Change the script to run with such a modified parameter. For instance:
# # set vars # stretch=0.01 alat0=6.741 alat=`echo $alat0 $stretch | awk '{ print $1*(1.0+$2)}'` nk=8
(of course it is also possible to just change the hardcoded alat
value in the script).
It is also important to change the input and output filenames, e.g. modifying label:
# label="nk${nk}_stretch${stretch}_ecut${ecutwfc}" #
We are now in the position to run the calculations for the new system for a range of ecutwfc values.
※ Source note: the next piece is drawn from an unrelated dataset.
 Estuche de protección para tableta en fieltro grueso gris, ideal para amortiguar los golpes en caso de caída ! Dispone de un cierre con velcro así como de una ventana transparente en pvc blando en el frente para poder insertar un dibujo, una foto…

Using the same script of Ex3 to extract the data,
$> ./extract.sh scf*stretch*.out > data_stratch
we obtain:
$> cat data_stretch.dat # ecut [Ry] etot [Ry] time [sec] 20.0000 -22.21905831 0.23 30.0000 -22.53626807 0.32 40.0000 -22.69832895 0.33 50.0000 -22.75526586 0.92 60.0000 -22.77763941 1.00 80.0000 -22.79383663 1.21 100.0000 -22.79691290 1.66 120.0000 -22.79774354 3.56 140.0000 -22.79794454 6.42 160.0000 -22.79800726 5.32 200.0000 -22.79802688 7.79 300.0000 -22.79802865 21.11 # these last values are largely overconverged 400.0000 -22.79802704 22.84 # just reported for completeness
Using the command paste
we place side by side the results obtained in Ex3 without stretching and those
that we have just computed.
$> paste data.dat data_stretch.dat # ecut [Ry] etot [Ry] time [sec] # ecut [Ry] etot [Ry] time [sec] 20.0000 -22.20777973 0.19 20.0000 -22.21905831 0.23 30.0000 -22.53632376 0.33 30.0000 -22.53626807 0.32 40.0000 -22.70012158 0.41 40.0000 -22.69832895 0.33 50.0000 -22.75832711 0.97 50.0000 -22.75526586 0.92 60.0000 -22.78070087 1.16 60.0000 -22.77763941 1.00 [...]
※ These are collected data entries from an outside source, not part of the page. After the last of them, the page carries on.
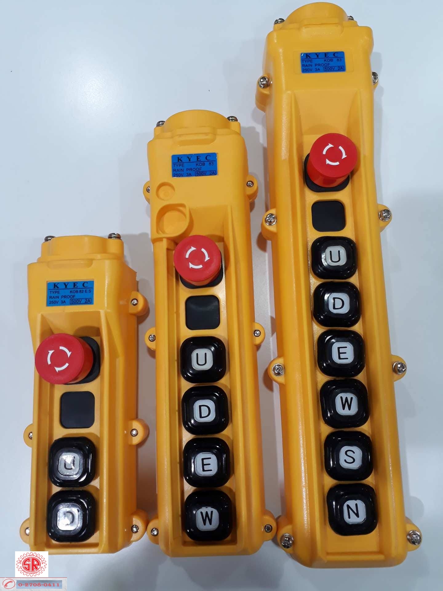 • ขายอุปกรณ์ไฟฟ้าเครน อุปกรณ์รางซีเรล (C-Rail systems), สายไฮโทรริว 75A 100A ตัวจับสายไฮโทรริว อุปกรณ์ชุดตัวดึงหัว-ท้าย สายไฟแบน สายไฟกลมมีสลิง ตัวจับ ตัวต่อ แปรงถ่าน, ระบบควบคุมรอกเครน Control Pendant, รีโมทเครน (Telecrane) สวิทช์เครน KASUGA แบบ 1สปีด และ 2สปีด รุ่น 2ปุ่ม, 4ปุ่ม, 6ปุ่ม จากญี่ปุ่น, 8ปุ่ม แบบ Emergency, แบบ ON-OFF จากญี่ปุ่น, สวิทช์เครน (Switch KYEC) จากใต้หวัน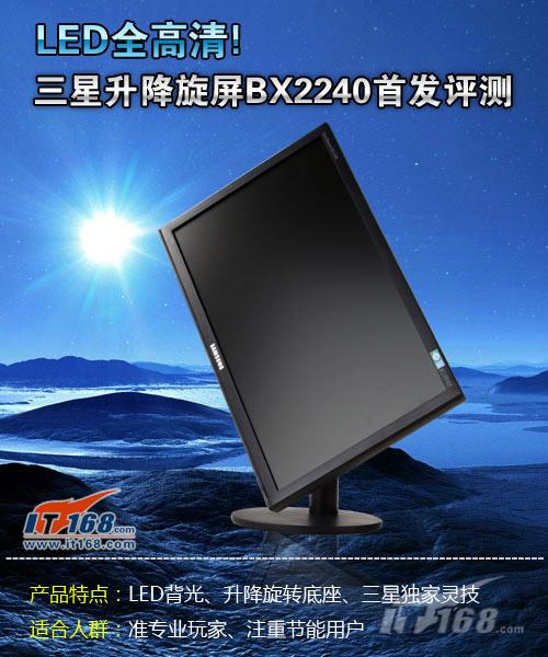 三星最新推出了新的LED背光显示器BX2240,采用了21.5吋全高清面板,并且配备专业显示器才有的升降旋转底座,我们也要在第一时间测试对款产品的详细性能进行测试。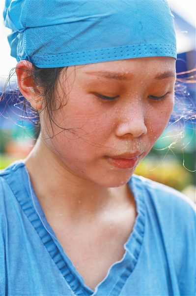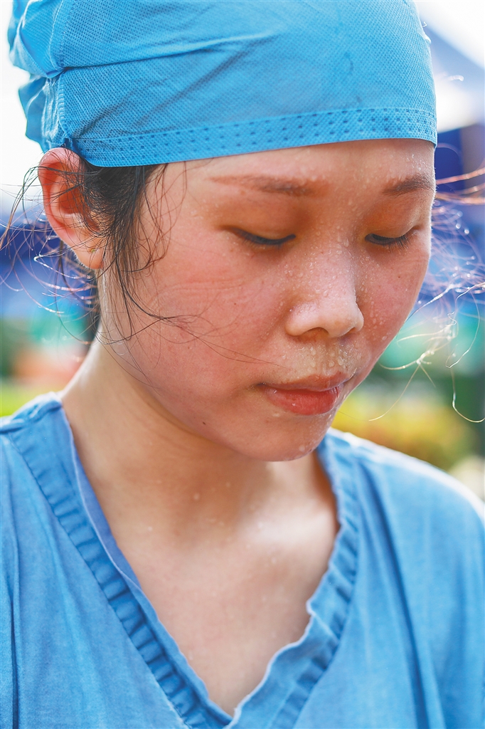 8月8日,海口气温较高,医护人员在各个核酸检测点挥洒汗水。挂在医护人员脸上的汗珠,是他们最美的妆容。本报记者 李天平 摄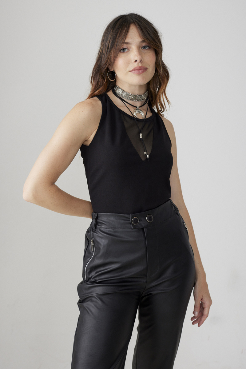 ESTE PRODUCTO ES DE OUTLET-DISCONTINUO- OTRAS TEMPORADAS SE CAMBIA UNICAMENTE POR PRENDAS DE GARAGE SALE Body con cuello redondo con detalle de combinación textil. Espalda descubierta. Textil: Creppe y combinación con tul de lycra. Composición: 95% poliester, 5% elastano. |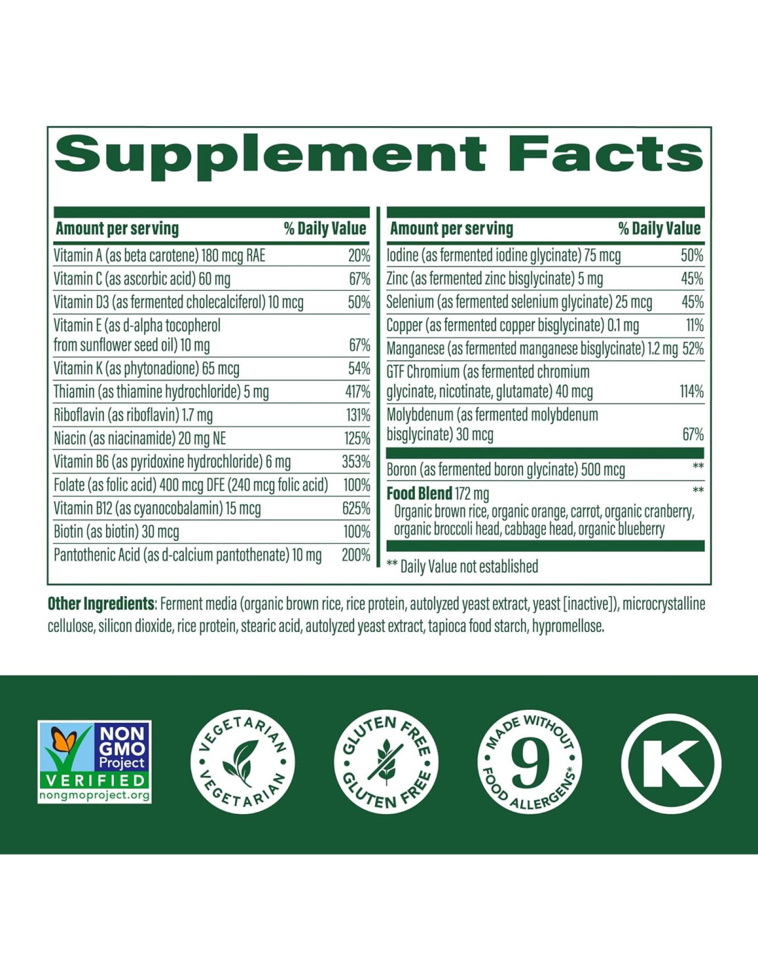 - Todas nuestras multivitaminas están hechas con vitaminas emparejadas con alimentos y minerales fermentados, y se pueden tomar en cualquier momento del día, incluso con el estómago vacío. 1 tableta diaria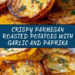 Crispy Crunchy Parmesan Potatoes are a flavorful side dish featuring halved baby potatoes coated in a garlic and paprika seasoning, then baked atop a layer of melted Parmesan cheese for an irresistible golden crust. These oven-baked potatoes deliver a crispy, cheesy bottom and tender interior, making them a perfect accompaniment to any meal.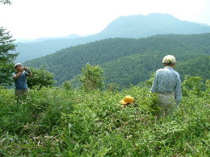 その昔、日本武尊が越えたといい、地形図でその峠道の破線を見るたびに、どんな峠かと長く憧れていたのが、つい先日(05・5)、この目で見てくることができた。最寄り駅は小海線の佐久広瀬だからなかなか行きにくい峠で、やはり長沢君の車に乗せてもらってこそである。ところが実際にいってみれば、道は消え、急斜面をやみくもに登るはめになった。また、登りついた峠そのものも落葉松林のなかのこれといって特徴のない尾根上であり、古びた由緒書のブリキ板が一枚が木に打ちつけてあるだけだったが、長年の望みがたっせられ、私は嬉しかった。ただし、私のような思い入れのない人にはけっしてお勧めはしない。「なんだ、こんなつまらないところか」の一言があるのみだろう。 |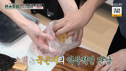 묵은지 손질 과정은 이전에 이상엽씨가 요리하는 묵은지 육회김밥, 묵은지깻잎 포스팅을 참고하세요.

This is convenient to use awk to compute the line-by-line difference of fields $5 and $2 (total energies w/ and w/o stretching):
$> paste data.dat data_stretch.dat | awk '{print $1, $5-$1}' # 0 20.0000 -0.0112786 30.0000 5.569e-05 40.0000 0.00179263 50.0000 0.00306125 60.0000 0.00306146 80.0000 0.00333661 100.0000 0.00331713 120.0000 0.00333176 140.0000 0.0033299 160.0000 0.00333089 200.0000 0.0033337 300.0000 0.00333215 400.0000 0.0033342
- Independently of the stretching parameter chosen, the accuracy of the difference is smaller that 0.0001 Ry for ecutwfc values larger than 80 Ry,
- Instead, we had to go for much larger values (120-150 Ry) to converge the absolute values of the total energies.
- We are indeed exploiting a form of error cancellation, due to the fact that what causes the total energy to converge slowly wrt ecutwfc are the oscillations of the wfcs and density in the region close to the nuclei.
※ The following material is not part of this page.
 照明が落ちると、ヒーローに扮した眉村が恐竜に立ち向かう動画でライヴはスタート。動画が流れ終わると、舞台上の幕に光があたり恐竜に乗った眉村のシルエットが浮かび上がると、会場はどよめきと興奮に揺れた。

- Fortunately, when changing the lattice parameter, such contributions do not affect the bonding, and, in turn, the energy difference between the two structures, thereby not showing up in the total energy differences.
- A similar situation happens also for total energy derivatives wrt to atomic positions (forces) or lattice parameters (stresses).